Compression mechanism 2 is located in housing, and compression mechanism 2 includes the first cylinder 20 and the second cylinder 21, the first cylinder 20
First air intake passage is connected with the first air intake duct 11, and the second cylinder 21 is provided with the second air intake passage 210 and the 3rd air intake passage
211, the second air intake passage 210 is connected with the second air intake duct 12, is connected between the second air intake passage 210 and the 3rd air intake passage 211
It is connected to interface channel 22.It is understood that compression mechanism 2 also includes the elements, compressor 100 such as bent axle 6, piston 4 and slide plate 5
The element also including motor etc., the rotor of motor is located on bent axle 6 to drive bent axle 6 to rotate, in the cylinder chamber of the first cylinder 20 and
Piston 4 is respectively equipped with the cylinder chamber of the second cylinder 21, each piston 4 coordinates with slide plate 5, two pistons 4 are enclosed within song outward respectively
On axle 6 rotation is driven with by bent axle 6.
By-passing valve 3 is used to control the break-make of interface channel 22, that is to say, that by-passing valve 3 can control interface channel 22 to turn on,
Now the second air intake passage 210 is connected with the 3rd air intake passage 211 by interface channel 22;By-passing valve 3 can also control connection
Passage 22 is closed, and not on-state is now between the second air intake passage 210 and the 3rd air intake passage 211.
The interior side port of by-passing valve 3 is connected with the cylinder chamber of the second cylinder 21, and the exterior side port of by-passing valve 3 passes through valve body group
Part is connected with two connecting line switchings, and one of connecting line is connected with blast pipe 10, another connecting line and first
The air intake duct 12 of air intake duct 11 or second is connected.Specifically, the pressure of the interior side port of by-passing valve 3 is the cylinder of the second cylinder 21
The pressure in chamber, the pressure of the exterior side port of by-passing valve 3 can switch to pressure at expulsion or switch to the pressure of inspiration(Pi) of the first cylinder 20
The pressure of inspiration(Pi) of the second air intake passage 210 of power or the second cylinder 21.
When the exterior side port of by-passing valve 3 is connected with blast pipe 10, i.e. the pressure of the exterior side port of by-passing valve 3 switches to row
During atmospheric pressure, due to the pressure of the pressure more than interior side port of the exterior side port of by-passing valve 3, so that by-passing valve 3 is in closes shape
State, i.e. interface channel 22 are closed.Inhaled with the first air intake duct 11 or second when the exterior side port of by-passing valve 3 is switched to
When tracheae 12 is connected, i.e. the pressure of the exterior side port of by-passing valve 3 switches to the pressure of inspiration(Pi) or the second cylinder of the first cylinder 20
During the pressure of inspiration(Pi) of 21 the second air intake passage 210, after the piston 4 in the second cylinder 21 turns to certain angle θ, the second gas
Pressure in the cylinder chamber of cylinder 21 more than the exterior side port of by-passing valve 3 pressure so that by-passing valve 3 is opened, now the second air-breathing
The air intake passage 211 of passage 210 and the 3rd is turned on by interface channel 22.So that the control mode of by-passing valve 3 is simple.

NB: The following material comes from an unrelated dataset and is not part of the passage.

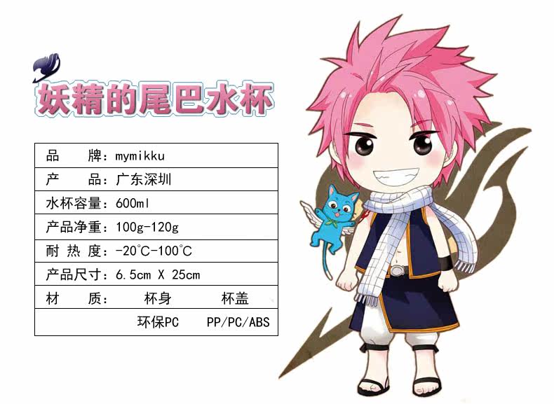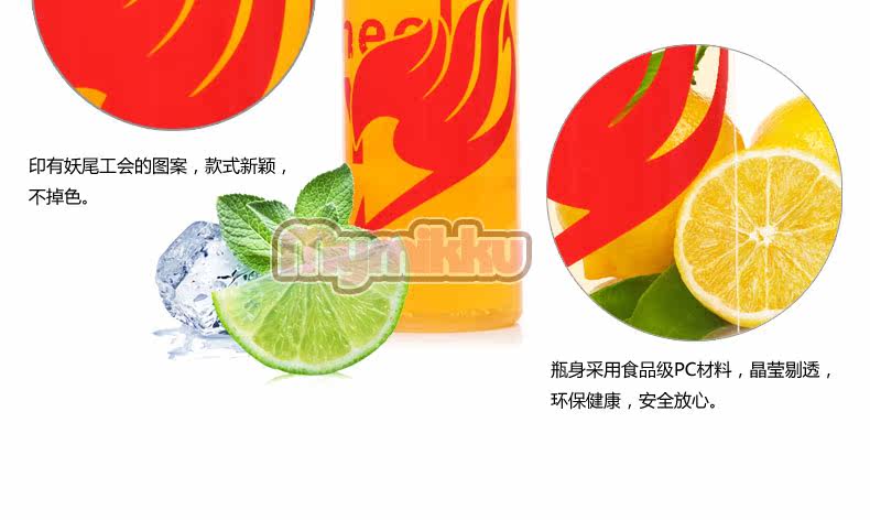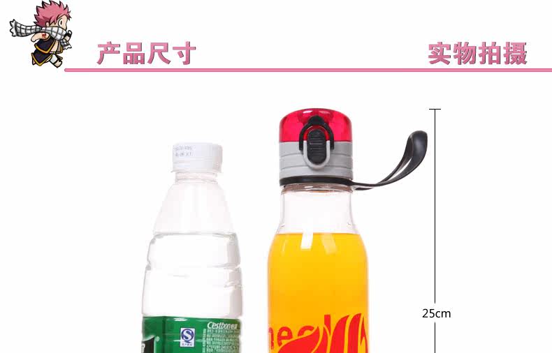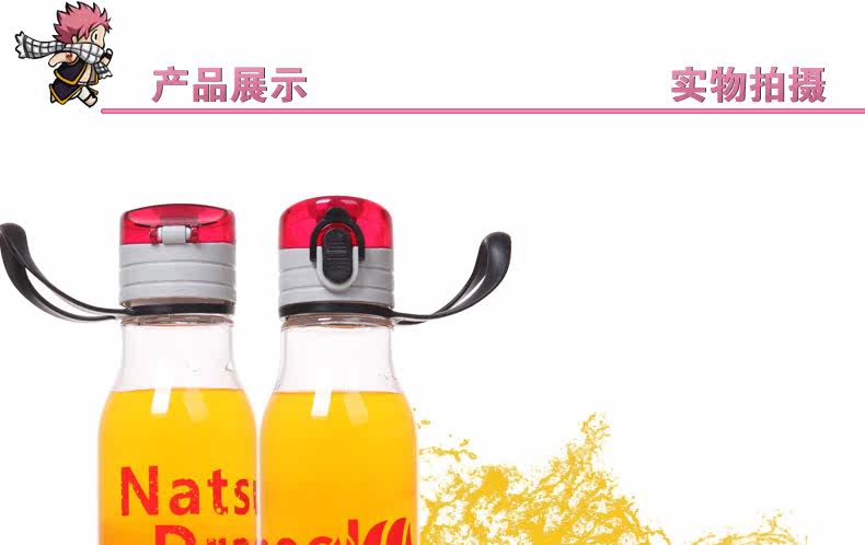 妖精的尾巴透明杯子 动漫水壶 便携式运动环保塑料水杯
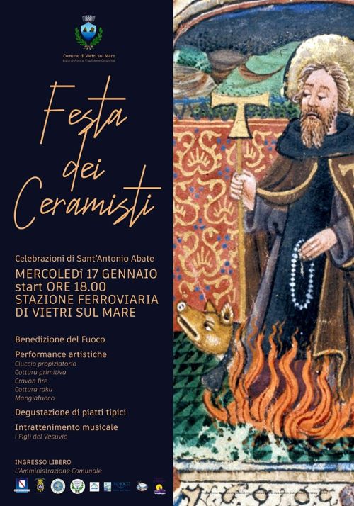 Come di consueto anche Vietri sul Mare, città di antica tradizione ceramica, anche quest’anno intende onorante Sant’Antonio Abate con una grande festa dei ceramisti con la benedizione della “vampa”, la cottura dei pezzi di ceramica con il fuoco santo, la degustazione di piatti tipici e momenti di spettacolo e musica popolare.

Specifically, when by-passing valve 3 controls the second air intake passage 210 and the 3rd air intake passage 211 to connect by interface channel 22
When logical, the part refrigerant in the cylinder chamber of the second cylinder 21 is discharged to the second suction by the 3rd air intake passage 211 and interface channel 22
Gas passage 210, that is to say, that the part in cylinder chamber can be heavy from after the discharge of the 3rd air intake passage 211 through the refrigerant of overcompression
Newly it is drawn into the cylinder chamber of the second cylinder 21 from the second air intake passage 210, in short, being drawn into from the second air intake passage 210
A part in refrigerant in the cylinder chamber of the second cylinder 21 can be drawn into the second cylinder 21 from the second air intake passage 210 again
In cylinder chamber, so as to when interface channel 22 is turned on, the inspiratory capacity of the second air intake duct 12 of compressor 100 can be reduced.
Outdoor heat exchanger 200 is connected with the second valve port f, and indoor heat exchanger 300 is connected with the 3rd valve port g.Flash vessel 400 sets
There are first interface a, second interface b and gas interface c, first throttle unit is connected between first interface a and outdoor heat exchanger 200
Part 500, is connected with the second restricting element 600, gas interface c and the second air intake duct between second interface b and indoor heat exchanger 300
12 are connected.Alternatively, first throttle element 500 is electric expansion valve, and the second restricting element 600 is electric expansion valve.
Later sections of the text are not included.